Among the entries below, which lines run from the line with "(Gain the next" through the line with "つつじまつりエリアからは少し"? Retype those, both ends included, exactly and without pictures.

DATA SUPPLIED below:

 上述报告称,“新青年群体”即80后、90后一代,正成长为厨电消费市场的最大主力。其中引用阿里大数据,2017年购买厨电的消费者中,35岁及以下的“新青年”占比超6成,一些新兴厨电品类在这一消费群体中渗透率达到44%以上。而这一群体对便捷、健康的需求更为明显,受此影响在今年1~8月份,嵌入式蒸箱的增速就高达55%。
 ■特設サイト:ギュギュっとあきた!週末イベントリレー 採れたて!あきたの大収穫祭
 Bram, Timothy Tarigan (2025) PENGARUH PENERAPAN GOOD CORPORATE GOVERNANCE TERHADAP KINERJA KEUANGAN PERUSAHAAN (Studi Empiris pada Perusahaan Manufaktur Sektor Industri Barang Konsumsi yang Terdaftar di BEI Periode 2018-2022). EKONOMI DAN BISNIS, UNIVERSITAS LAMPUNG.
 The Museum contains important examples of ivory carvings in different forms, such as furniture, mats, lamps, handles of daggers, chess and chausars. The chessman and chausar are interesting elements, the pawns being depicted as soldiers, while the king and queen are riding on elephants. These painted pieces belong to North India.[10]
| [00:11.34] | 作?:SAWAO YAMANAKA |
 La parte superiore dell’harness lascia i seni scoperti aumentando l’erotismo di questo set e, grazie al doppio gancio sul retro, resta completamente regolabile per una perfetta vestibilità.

End of DATA SUPPLIED.
DATA SUPPLIED below:

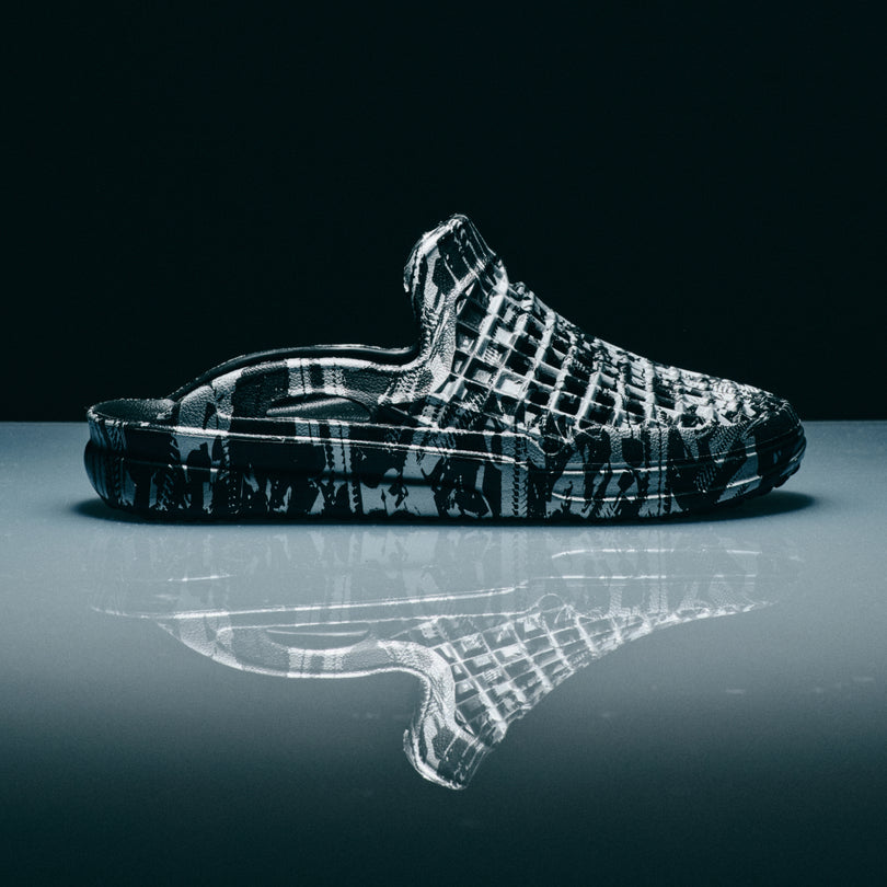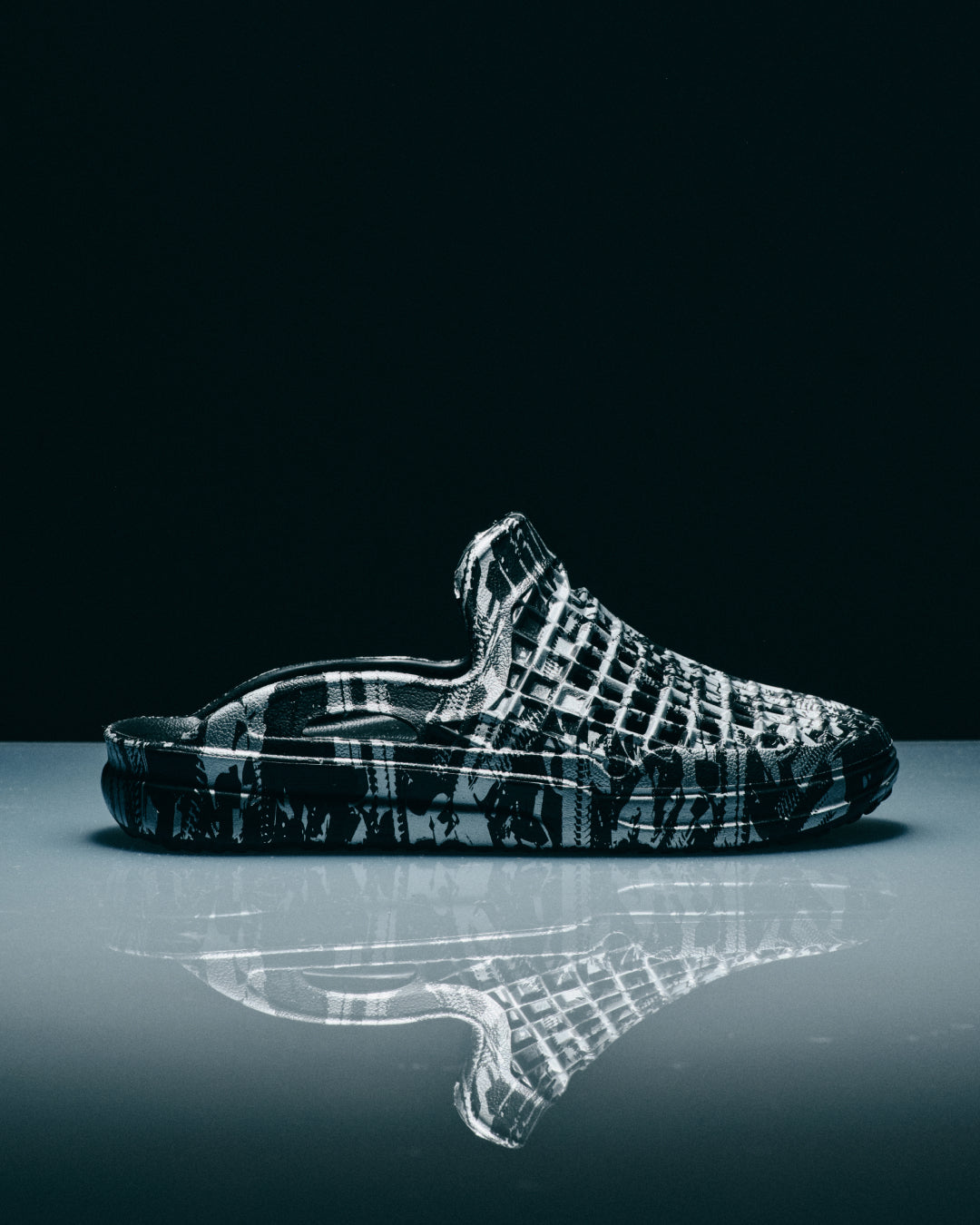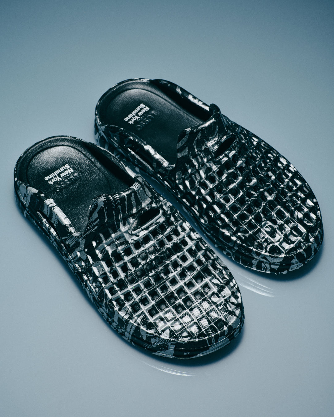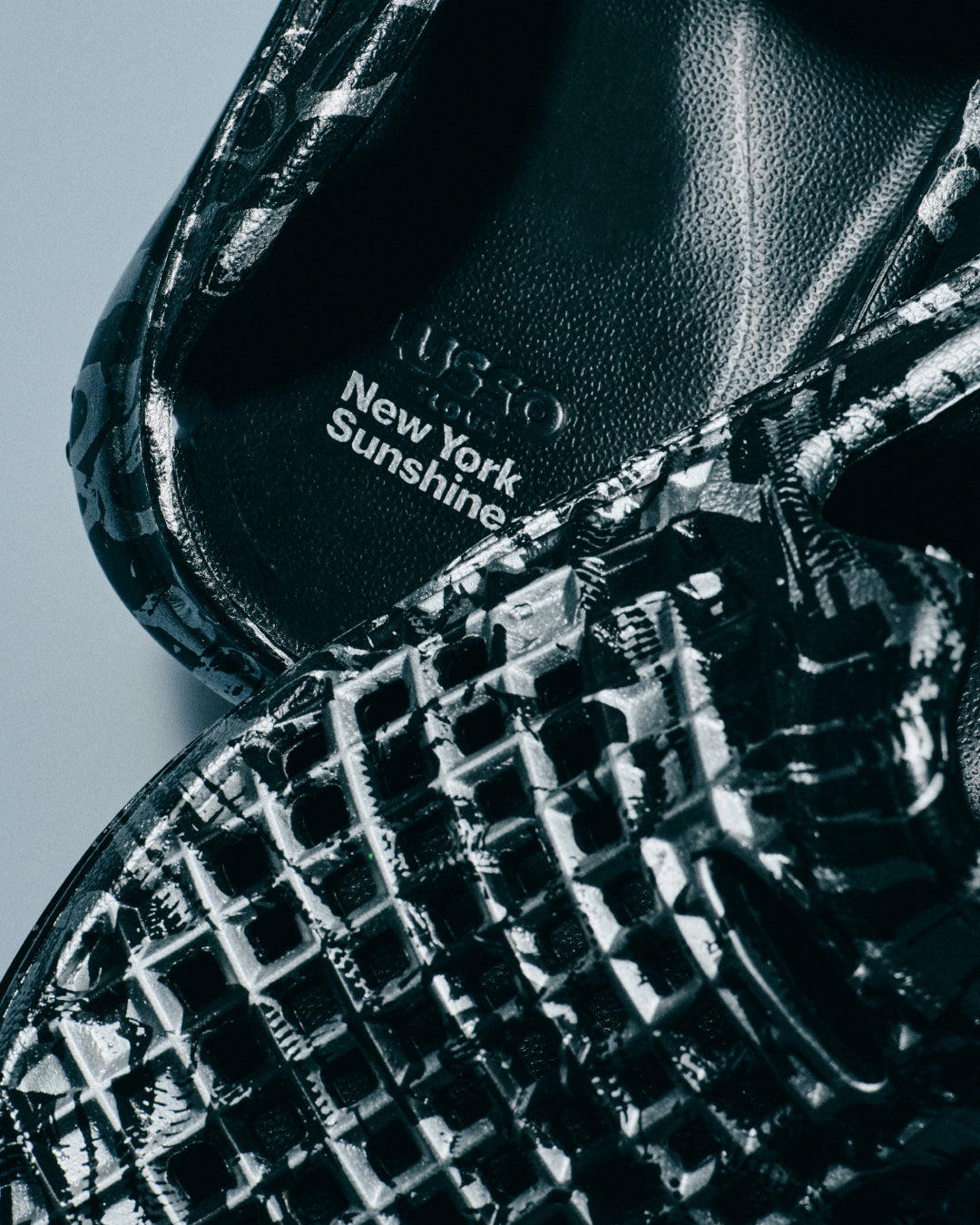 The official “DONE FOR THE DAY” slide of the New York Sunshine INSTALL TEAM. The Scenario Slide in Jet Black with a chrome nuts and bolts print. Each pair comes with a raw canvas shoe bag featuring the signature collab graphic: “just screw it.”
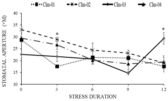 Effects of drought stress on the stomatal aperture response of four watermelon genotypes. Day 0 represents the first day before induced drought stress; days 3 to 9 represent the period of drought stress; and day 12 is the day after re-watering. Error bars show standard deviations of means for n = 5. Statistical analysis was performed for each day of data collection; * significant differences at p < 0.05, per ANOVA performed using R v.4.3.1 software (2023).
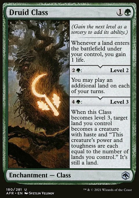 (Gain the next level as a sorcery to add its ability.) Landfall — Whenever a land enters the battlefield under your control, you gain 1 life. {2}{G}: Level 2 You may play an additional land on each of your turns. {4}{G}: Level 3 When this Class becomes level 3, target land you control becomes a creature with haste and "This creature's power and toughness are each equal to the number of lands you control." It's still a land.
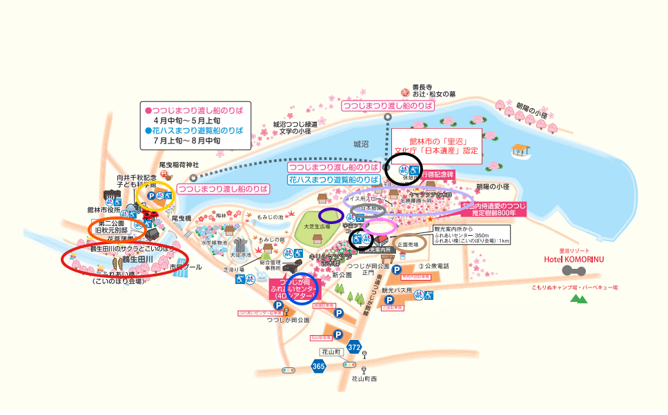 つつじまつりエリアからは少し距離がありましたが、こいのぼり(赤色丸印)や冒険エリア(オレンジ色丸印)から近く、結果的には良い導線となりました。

End of DATA SUPPLIED.

EXPECTED OUTPUT:
 (Gain the next level as a sorcery to add its ability.) Landfall — Whenever a land enters the battlefield under your control, you gain 1 life. {2}{G}: Level 2 You may play an additional land on each of your turns. {4}{G}: Level 3 When this Class becomes level 3, target land you control becomes a creature with haste and "This creature's power and toughness are each equal to the number of lands you control." It's still a land.
 つつじまつりエリアからは少し距離がありましたが、こいのぼり(赤色丸印)や冒険エリア(オレンジ色丸印)から近く、結果的には良い導線となりました。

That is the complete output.